**Extracted records:**

>>>>>

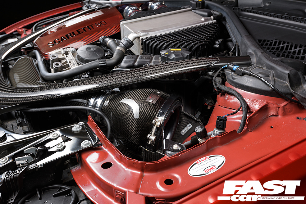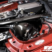 So far we’ve examined what Anand’s done to make his M3 look good, but he’s actually put even more effort into making it go better than it did from the factory, and bear in mind that even standard this is not a slow car. The first thing that strikes you when you pop the bonnet is that engine cover, finished in the same combo of carbon and body colour-matched Kevlar as the seat backs, and finished off with Anand’s IG name. Then you’ll most likely spot the twin Eventuri carbon intakes, which not only enhance the sound of the S55 straight-six, but also seriously enhance performance as well. The stock charge pipes, known to crack once you start turning up the wick, have been replaced with uprated Evolution Racewerks items, and the fact that these have been anodised black is the icing on the cake.
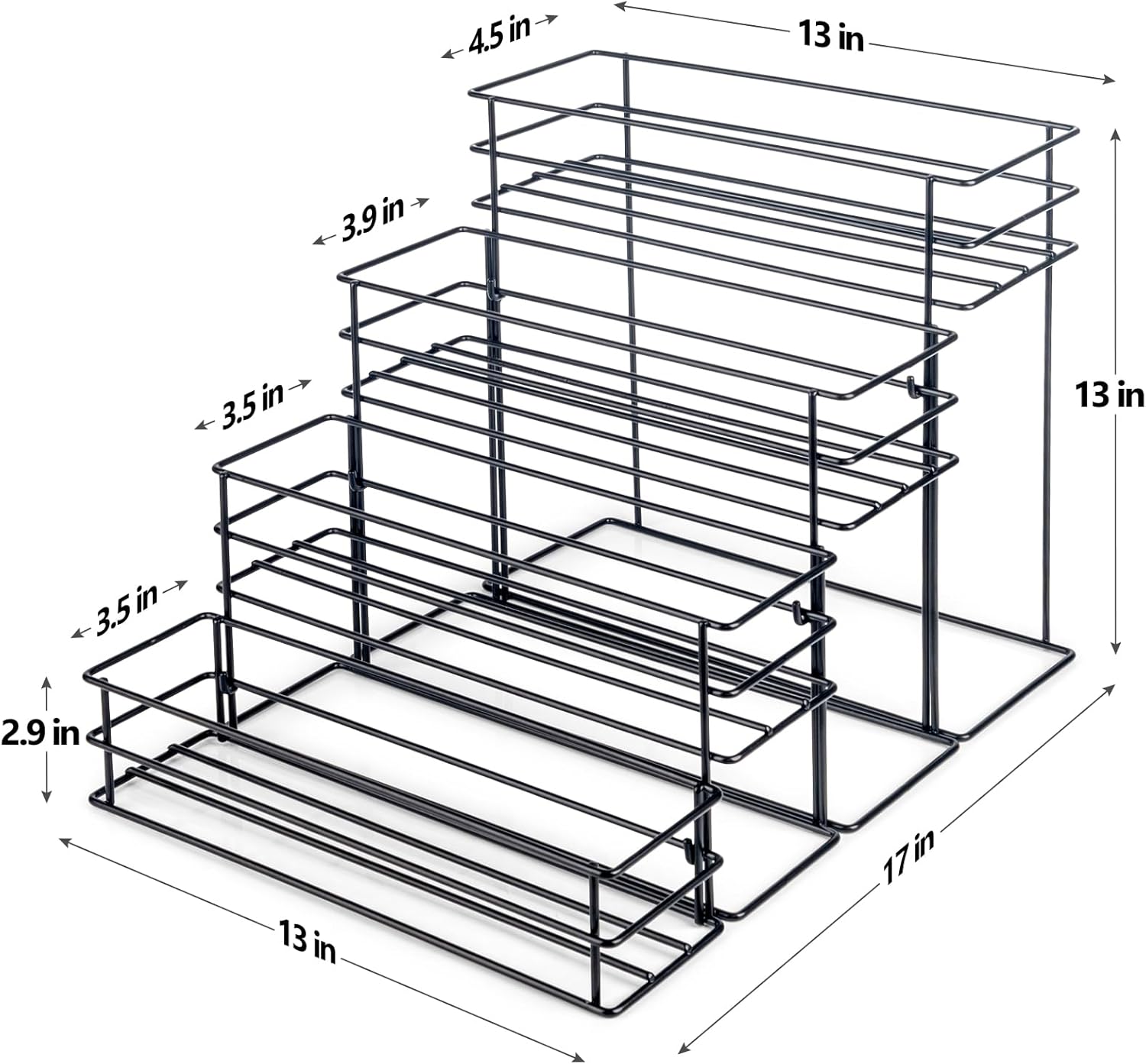 - 【Large-Capacity Coffee Bottle Stand】☕Do you have many flavored coffee syrups? Are you tired of rummaging through coffee bar cabinet for coffee syrup bottles? Our 12 bottles coffee syrup rack for coffee bar decor is the perfect solution for organizing and displaying your coffee syrups. .Its dimensions of 13''L x 17''W x 13''H and each tier approximately 3.5" wide.Features a stepped design to keep the items on the shelf at a glance and saves space.
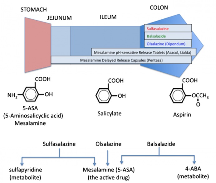 包含Sulfasalazine (Sulfapyridine + 5-ASA)、Mesalamine (5-ASA)
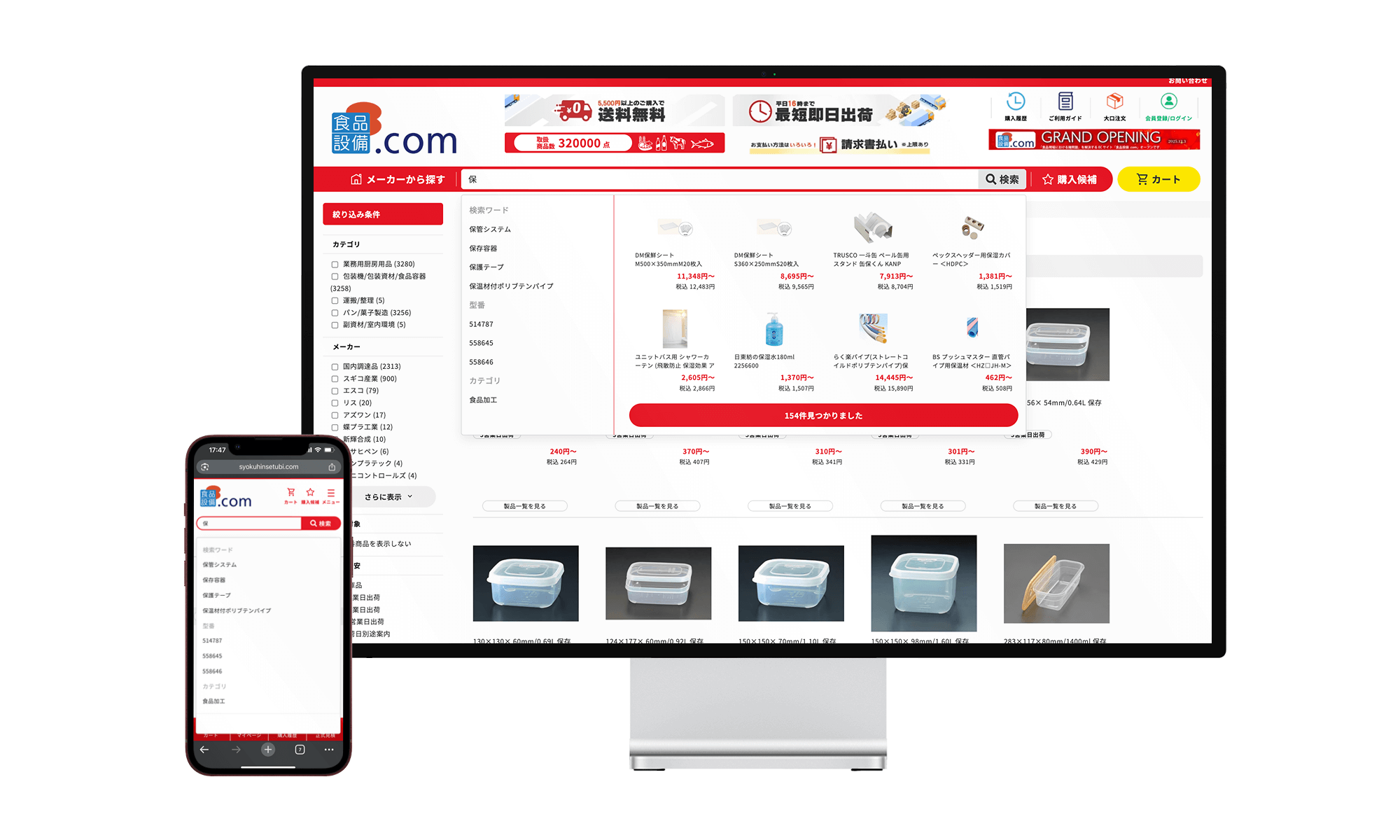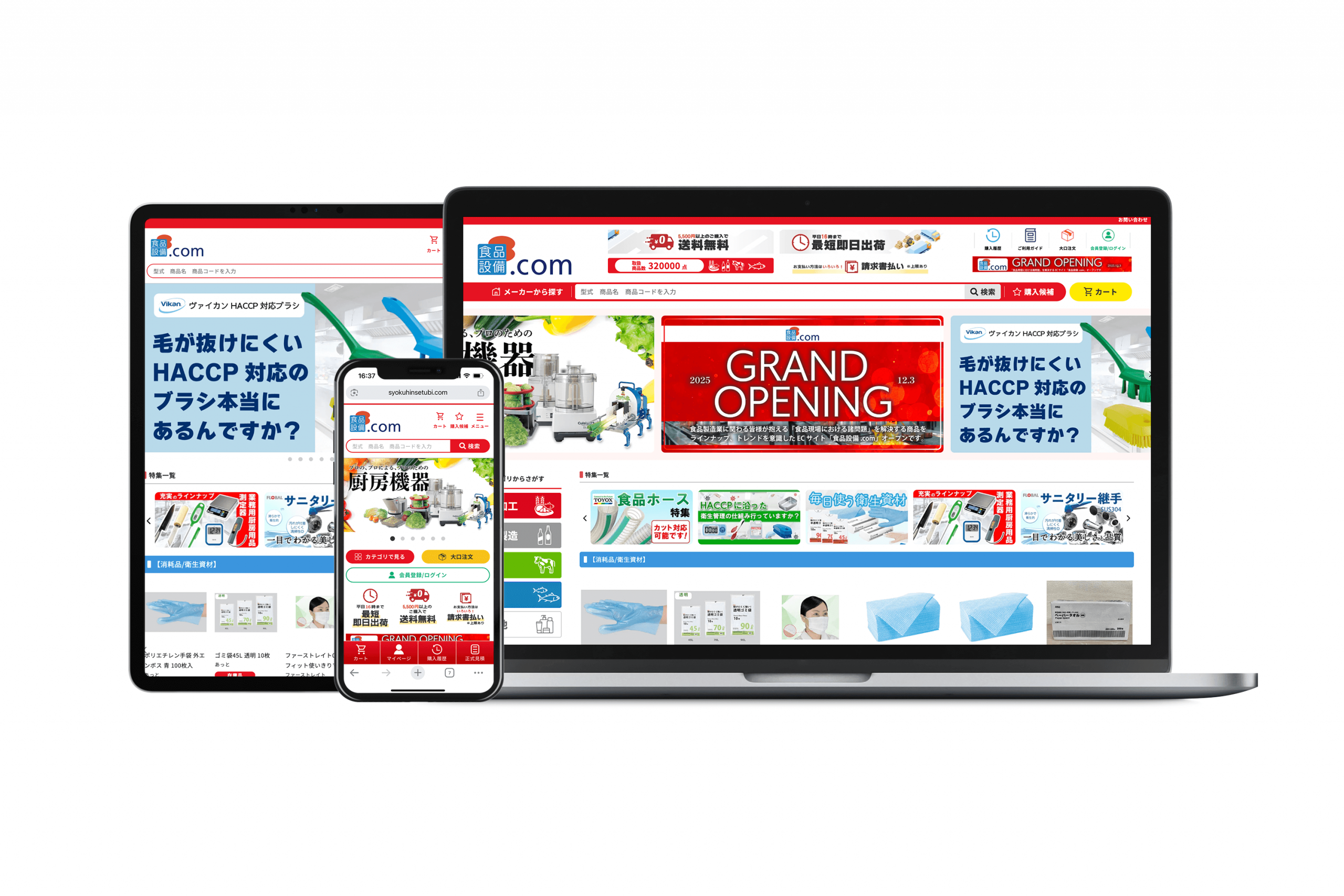 このたび、2025年12月3日に新たにオープンした食品製造業特化型のECサイト『食品設備.com』においても、その確かな実績を背景に「ユニサーチBtoB」の導入が決定いたしました。
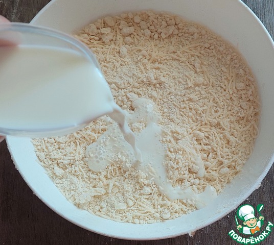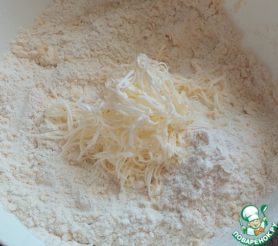 80 гр. сыра добавить в тесто, хорошо перемешать.

<<<<<

**Activity:** Retype, exactly as written, each line from the one containing "包含Sulfasalazine (Sulfapyridine +" through the end of the data above, and leave out every picture.

**Response box:**
 包含Sulfasalazine (Sulfapyridine + 5-ASA)、Mesalamine (5-ASA)
 このたび、2025年12月3日に新たにオープンした食品製造業特化型のECサイト『食品設備.com』においても、その確かな実績を背景に「ユニサーチBtoB」の導入が決定いたしました。
 80 гр. сыра добавить в тесто, хорошо перемешать.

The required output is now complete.